To test the ability to detect differential gene expression using amplified sscDNAs, we compared gene expression in two different RNA samples. We chose to compare K562 cell and sUHR RNAs since we have previously used these two RNAs to compare the performance of single round IVT-based amplification with other methods [25]. In Experiment 3, we did three separate sscDNA amplifications of K562 and sUHR RNAs. We used the same RNA preparations as for the previously reported IVT-based amplification experiments, but started with 1000-fold less material (10 ng instead of 10 μg). For each probe set, we used intensity values from replicate arrays to calculate relative gene expression (M, defined as log2 [mean K562 intensity/mean sUHR intensity]) and average signal intensity (A, defined as 1/2 log2 K562 mean intensity + 1/2 log2 mean sUHR intensity). M and A values obtained using sscDNA are shown in Fig. 3B and those obtained using IVT-generated cRNA are shown in Fig. 3A. The range of signal intensities was similar for the two methods, although the mean intensity was lower for sscDNA hybridizations (A = 5.22 for sscDNA, A = 6.12 for cRNA). In contrast, the range of M values was somewhat larger with sscDNA. In particular, the sscDNA method identified several transcripts that were more than 27-fold higher in sUHR than K562 cell RNA (M < -7), but no differences of this magnitude were identified using cRNA. The number of probe sets associated with greater than 2-fold differences in expression (|M| > 1) was 1518 for sscDNA and 1043 for cRNA. 51% of the genes with >2-fold differences in expression on sscDNA arrays were not detected as >2-fold on cRNA arrays, but only 25% of the genes that were >2-fold different on cRNAs were not detected as >2-fold different on sscDNA arrays (Fig. 3).

Figure 3

Differential gene expression measurements made using IVT- and ribo-SPIA-based amplification methods. Differential gene expression (M) and average intensity (A) were calculated by averaging results from replicate hybridizations performed using cRNA prepared by IVT (A) or sscDNA prepared by ribo-SPIA (B). Points outside the horizontal lines indicate probe sets with more than a 2-fold change in expression level for that sample preparation method. Blue points in (A) indicate probe sets with more than a 2-fold change as determined using sscDNA and red points in (B) indicate probe sets with more than a 2-fold change as determined using cRNA.
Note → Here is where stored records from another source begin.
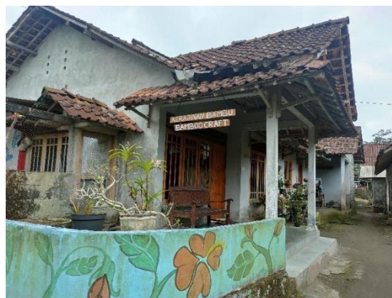
Gambar 11. Lokasi membuat Kerajinan Bambu

lingkungan hidup) dengan pendampingan secara continue . Dari aspek pariwisata berkelanjutan dapat dilihat Ekowisata pancoh dapat berlanjut sampai generasi berikutnya dengan melakukan regenerasi pengelolaan kepada para pemuda-pemudi desa. Para orang tua hanya sebagai penasehat dan ikut membantu jika terjadi masalah dalam pengelolaan wisatanya. Selain itu Ekowisata Pancoh juga menggunakan produk ramah lingkungan dengan memanfaatkan limbah plastik menjadi kerajinan tangan. Wisatawan juga dapat membuat kerajinan berupa anyaman bambu serta Caping Art . Caping Art yaitu aktivitas untuk melukis topi petani dari bambu.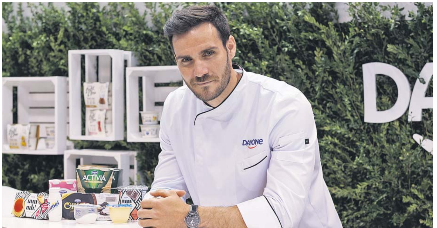
Saúl Craviotto fue el encargado de presentar en un 'showcooking' las novedades de Danone.

Dentro de los estrenos, cobra especial importancia una nueva línea de desnatados, Light & Free, gama de productos triple cero: 0% materia grasa, 0% azúca-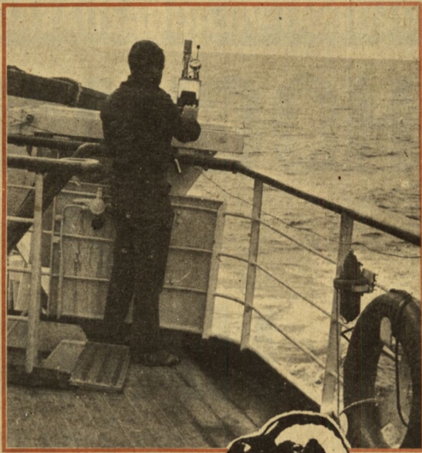
– Prognózist mindennap készíteni kellett

„Vize professzor”-nak 5. születésnapját. És itt elnézést kell kérnem az olvasótól. Az előző írásaim egyikében adott információ téves volt. A „Vize professzor” nem 2, hanem 5 éve készült el, és nem a rostóczi, hanem az NDK-nak egy másik, a vismári hajógyárában. Az Egyenlítő tiszteletére rendezett Neptun-ünnep annyi érdekességet, vidám epizódot eredményezett, hogy erről később, hazatérésem után külön írok.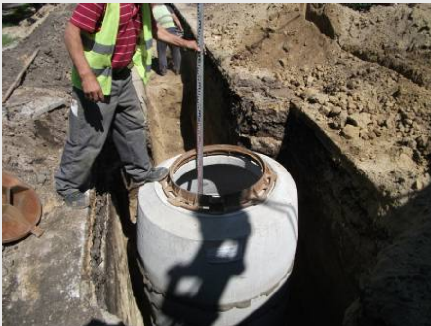
B-2-0 csatornaszakasz, Köztársaság utca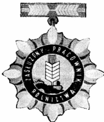
Figure 4. The front side of the badge of honor “Meritorious Agriculture Worker”

Source: Ordinance of the Minister of Agriculture of October 27, 1970, regarding the regulation of the badge of “Meritorious for Agriculture”, M.P. 1970 No. 37 item 280.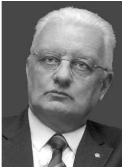
campioni assoluti 2011.

A differenza delle precedenti edizioni, questa volta sul podio non solo i vincitori delle classifiche speciali ma anche i piloti che si sono fregiati del casco tricolore; infatti, a causa della tragica scomparsa di Marco Simoncelli, avvenuta nello stesso giorno dell'ultima prova del CIV svoltasi al Mugello, la cerimonia dei titoli tricolori venne annullata e la Federazione ha scelto la grande ribalta della rassegna scaligera per premiare i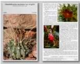
Glandulicactus uncinatus subsp. achirasense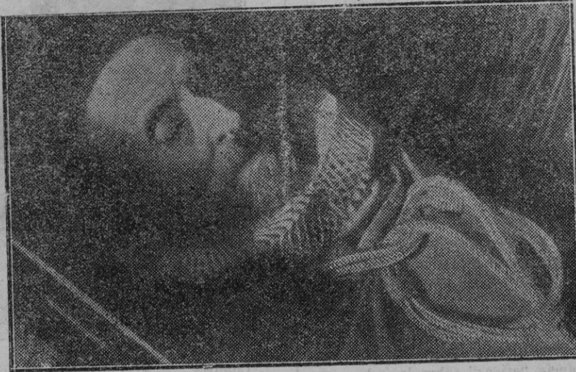
Madrid. — El fallecimiento del general Weyler. El Príncipe de la Milicia en la cámara mortuoria envuelto con el hábito del Santo Sepulcro.

Al sonar el pistoletazo, Topsy quedó parado y cuando se decide a correr ya los otros iban a vanguardia; Sextius sobre quien pesaba el enorme handicap se lanza con coraje sin ver premiado su esfuerzo. Niraní que desde el principio se ha pasado a la cuerda pasa la meta, habiendo invertido en el recorrido 57 1/5, Yampar 57 3/5, Limeño 58 2/5 y Sextius 53 2/5.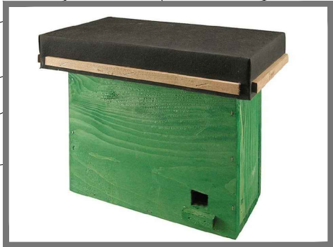
ČMELÍN - Č = 4x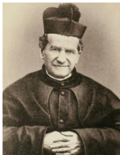
Bosco Szent János

Január 28-a Aquinói Szent Tamás áldozópap , egyháztanító ünnepe. Nápolyban tanult, majd Szent Domonkos rendjének tagjaként Párizsban és Kölnben folytatta tanulmányait. A középkor legtudósabb teológusa, „angyali doktor”, a skolasztika fejedelme. Egyetemi tanár Párizsban. Filozófiai, teológiai tanítása napjainkig irányadó. Az Oltáriszentség nagy hittudósa. Főműve a Summa Theologica , ebben a keresztény hitet tudományos rendszerbe foglalta. (+ 1274)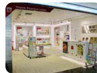
しながわ防災体験館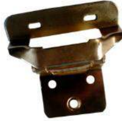
JUEGO BISAGRA T/AMERICANA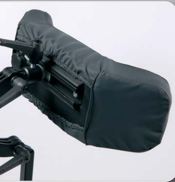
Option: Komfort Kopfstütze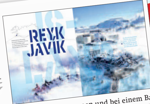
In Reykjavik ankommen und bei einem Bad in der Blauen Lagune dem Winter trotzen. Weiter geht die Reise durch Eis und Schnee ...

45 LAS VEGAS Mehr Fun erleben Stratosphere Tower SEITE 228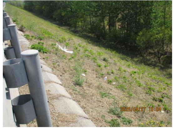
京平高速进京方向<夏各庄收费站-黄港收费站> (顺义段： 40 公里处路面有浮土/ 18.9 公里处路面有浮土 T11:14)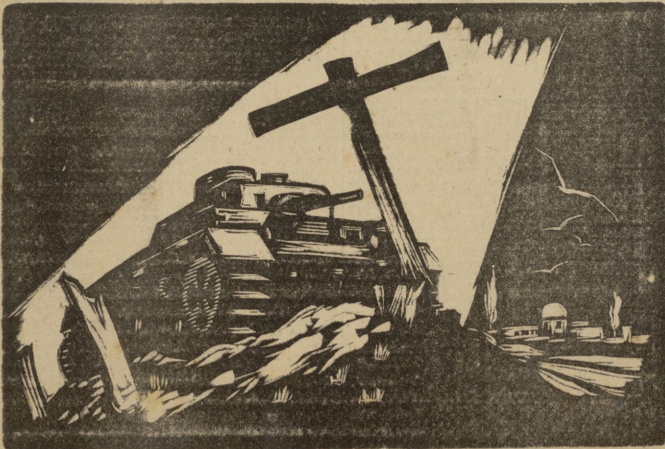
Estado del marqués Soos Caragea, uno de los notables trabajos que presentará en su Exposición del próximo domingo.

Se espera que en el presente año la producción será un 250 por ciento más elevada que en el 1941. También se espera que en el año 1942 la producción de buques mercantes, sea igual a la producción alcanzada por la Gran Bretaña. —EFE.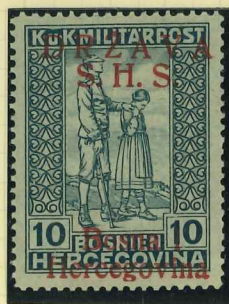
19I proof signed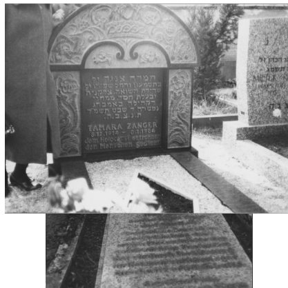
Jüdischer Friedhof Amberg.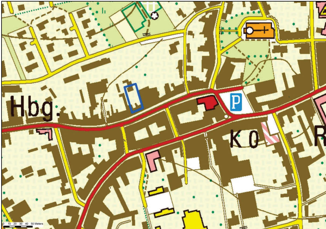
Fig. 2 Localisatie van de vindplaats.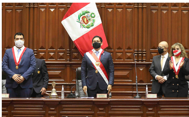
El señor Presidente del Congreso, Luis Alberto Valdez Farías, recibe de manos del oficial mayor la banda presidencial.

El señor PRESIDENTE (Luis Alberto Valdez Farías). — La Presidencia solicita a los vicepresidentes, Guillermo Aliaga Pajares y María Teresa Cabrera Vega, que inviten al señor Manuel Arturo Merino de Lama, Presidente del Congreso de la República, al hemiciclo de sesiones, para que asuma las funciones de Presidente de la República mediante juramento.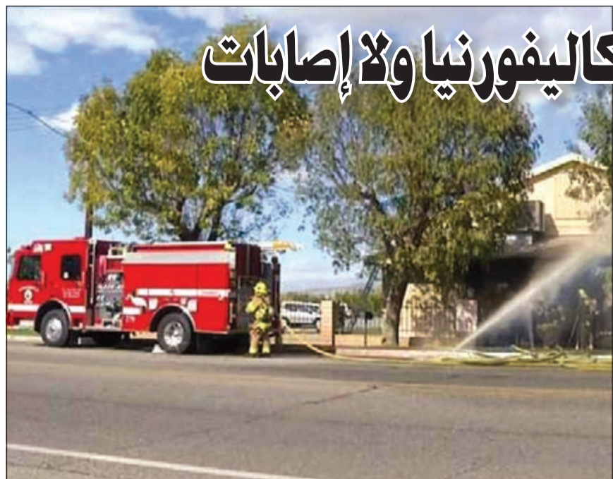
صورة عن فيديو لرجال اطفاء يخمدون الحريق في بلم سبرينغز في كاليفورنيا

عواصم - وكالات: مازال المسلمون الأميركيون يذعنون ثمن الجرائم الإرهابية التي يرتكبها بعض المتطرفين وآخرهم مهاجما سان بيرناردينو في كاليفورنيا. فقد قالت سلطات الولاية انها تحقق في حريق «قد يكون متعمدا» في مسجد بجنوب الولاية ووصفته بأنه «جريمة كراهية محتملة». ويقع المسجد في مكان غير بعيد عن سان بيرناردينو حيث نفذ زوجان من أصل باكستاني هجوما أدى إلى مقتل 14 شخصا.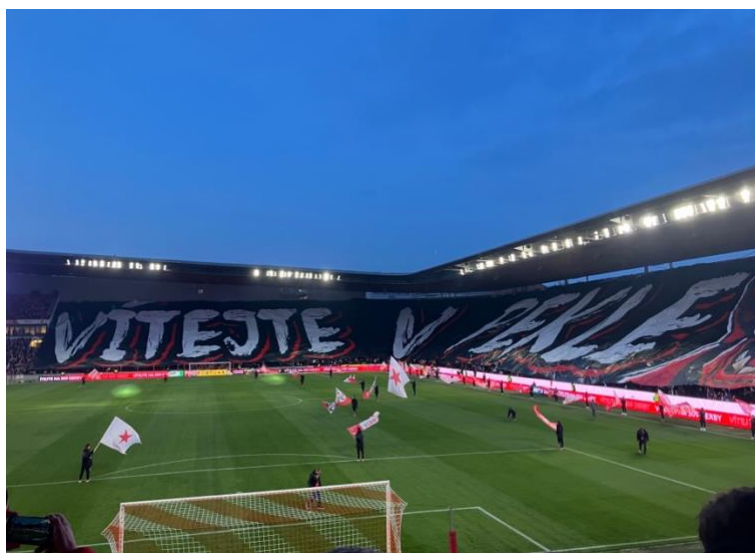
Obrázek 3 - Transparent přes Tribunu Sever a Tribunu Východ

tělesnosti byli na rozdíl od těchto dvou zmíněných opakujícími se rituály. Jednalo se o tleskání a zpívání chórů, skákání a hvízdání.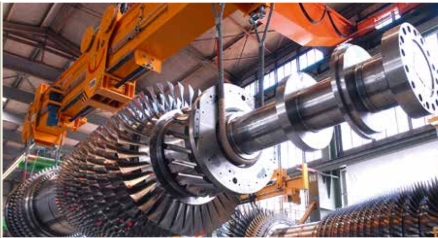
Die Gasturbine SGT5-8000H erreicht in Verbindung mit einer Dampfturbine einen Wirkungsgrad von mehr als 60 Prozent. Die Anlage kann mit 545 Megawatt Leistung eine Stadt mit drei Millionen Einwohnern mit Strom versorgen.

Trotzdem werden für die angestrebte Energiewende vor allem Veränderungen in der Energiepolitik der europäischen Staaten nötig sein. »Langfristig brauchen wir auf technischer Ebene Speichermöglichkeiten für Energie. Die Energiewirtschaft braucht aber dringend ein neues Marktdesign, welches das Bereithalten von Kraftwerkskapazitäten entsprechend vergütet«, schließt Balling. □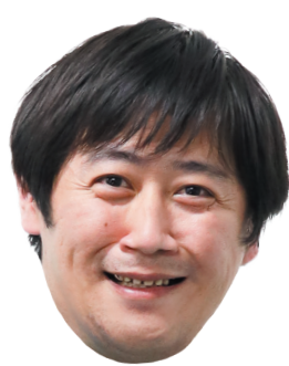
看護小規模多機能ホームむさし 介護福祉士

今年が卯年。今回は今年、年男・年女を迎えた職員の中からピックアップした10名に今年の抱負を述べていただきました！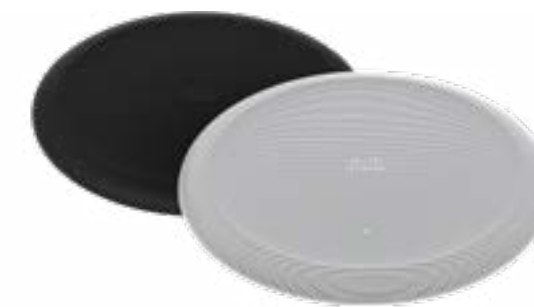
Cisco Ceiling Microphone Pro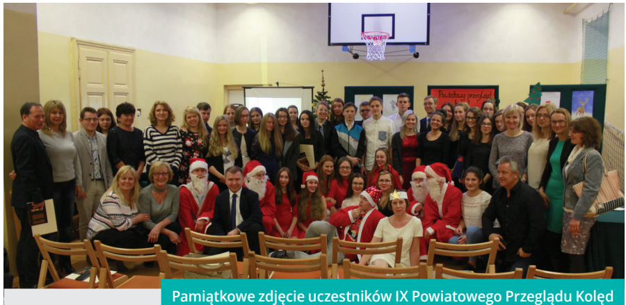
Pamiętkowe zdjęcie uczestników IX Powiatowego Przeglądu Kolęd

P odczas koncertu obecni byli również dyrektor i nauczyciele z partnerskich szkół ze Słowacji. Jak co roku, koncert był pełen niezapomnianych wrażeń muzycznych. Szkolni artyści przedstawili niezwykle umiejętności wokalne, ciekawe aranżacje oraz interesujący repertuar. Słyszeliśmy tradycyjne polskie kolędy, np. „Gdy śliczna panna”, „Gdy się Chrystus rodzi” oraz „Oj maluśki, maluśki”; popularne pieśni bożonarodzeniowe polskie, np. „Kolędę dla nieobecnych”, a także zagraniczne przeboje, np. „Mary did you know” oraz „Jingle bell rock”. Kwartet z Czech przygotował m.in. polską wersję kolędy „Cicha noc”. Słuchacze mogli docenić piękny śpiew młodzieży oraz ich wyjątkowe zdolności instrumentalne, ponieważ uczniowie grali na gitarach, skrzypcach, instrumentach dętych drewnianych, blaszanych czy perkusyjnych.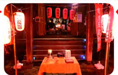
大日堂の本堂前で、ご焼香しましょう。

The new observation that sscDNA gave a wider range of relative expression (M) values despite lower average intensity (A) values could be explained by improved hybridization specificity under the conditions used in this study. This is plausible because the binding energy for DNA-DNA interactions is more sensitive to base pair mismatching than the binding energy for DNA-RNA interactions [26,27]. To look for further evidence about specificity of hybridization, we took advantage of the mismatched (MM) probes included on the arrays. For each perfect match (PM) GeneChip 25 mer probe, there is a corresponding MM probe with a single base mismatch at base 13. The MM probes were included in the probe set design to allow adjustments for nonspecific hybridization. Under ideal conditions, MM probes would never give signals higher than PM probes, although in practice this does sometimes occur. MM probes would be more likely to give stronger signals than PM probes if there was more non-specific hybridization of off-target sequences to the probes. We found that MM intensities exceeded PM intensities less frequently when we used sscDNA as compared to cRNA. When sUHR RNA was used as starting material, the average number of probe sets where MM intensity exceeded PM intensity was 2247 for cRNA versus 1671 for sscDNA (34% higher, p = 0.008). MM intensity also exceeded PM intensity more frequently with cRNA probes for K562 RNA arrays (2903 vs. 2482 probe sets, 17% higher, p = 0.017). When we looked at raw signal intensity for all MM probes, we found that the cRNA MM intensity distributions were skewed compared to the sscDNA MM distribution (Fig. 4). A closer examination of these distributions revealed that the use of sscDNA instead of cRNA resulted in a substantial reduction in the number of MM probes that gave relatively high intensity signals (Table 3). These findings strongly suggest that hybridization specificity is better for sscDNA than for cRNA. In a related study, Gingeras and coworkers [28] observed that increased nonspecific hybridization was observed when using directly labeled E. coli RNA as compared to cDNA. The increased nonspecificity was attributed to the presence of large amounts of rRNA in the samples. In our study however, both target preparations were prepared using oligo(dT) primers for the synthesis of first strand cDNA, so this explanation is less likely.

Figure 4

Density plot of mismatch probe signal from cRNA and sscDNA targets. The raw intensity distribution of all mismatch probes are plotted for three sUHR cRNA and three sUHR sscDNA arrays.

Table 3

Mismatch probe signal intensities from sscDNA and cRNA hybridizations.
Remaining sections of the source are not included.